I have been using Check Pay for years. Working great.
This past weekend, a vendor I paid lost a paper check they were mailed and called me so that I would stop payment on it. Fair enough.
I stopped payment at my bank of course, since the paper check had already been issued and sent.
But then I was unable to void the check in the register. I kept getting error messages saying I needed to cancel the payment first, but of course it didn't let me cancel the payment because the paper check had already been printed. So there is a bug right there.
But then some online sleuthing led me to instructions to hold Ctrl and Shift down while attempting to delete that transaction (rather than voiding it) and I was able to get it out of my register. Kind of a hack, but still not really angry.
But then I learn that my process of forcing the deletion of that transaction in the register ALSO disabled my Check Pay generally - and invited me to re-enable Check Pay. OK, Grrrrr. That kind of sucks, but let's do that.
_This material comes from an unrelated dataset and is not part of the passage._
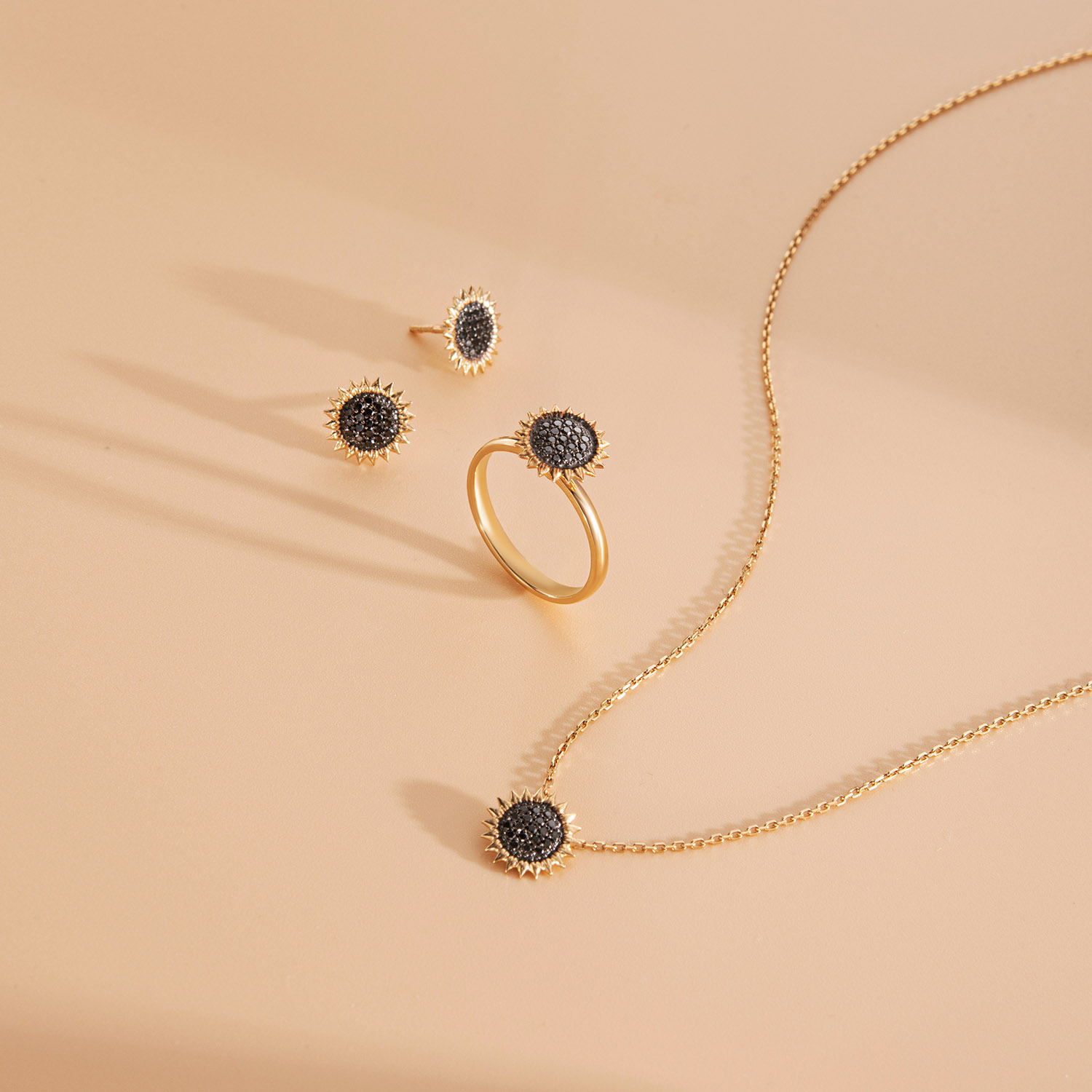 Золотое колье "Подсолнух" с черными бриллиантами 726133122

But then when I attempted to re-enable Check Pay / Bill Pay - the system doesn't work like it used to where it verified identity by putting two small deposits in the account. Instead it wanted a raft of private information from me including DOB and SSN that could be used to identify me. But I have no interest in sharing that information with Quicken (or even a 3rd party handling Check Pay). The dialog invited me to check out the privacy policy, and I have to say the Quicken Privacy Policy basically sucks. It says "Yeah we might need to store private data about you, but we aren't responsible if it gets leaked…. blah blah disclaimer…. we won't accept liability for anything".
I called support, and they said that yes they changed the vendor so the process changed and yes you need to essentially open up all your private data if you want Check Pay now. Forget that.
So Quicken continues to get worse and worse and worse over the years and more and more invasive. I've been using Quicken since 1987 (for anyone wanting to reverse engineer my DOB) and in recent years it just keeps breaking my heart with bloat but no fixes for the things that really matter. But one thing that was keeping me sticky was Check Pay.
I think now it is time to say goodbye to Quicken over a really really misguided policy on private information, unless someone out there knows a hack for me to simply get back the Check Pay connection I previously had.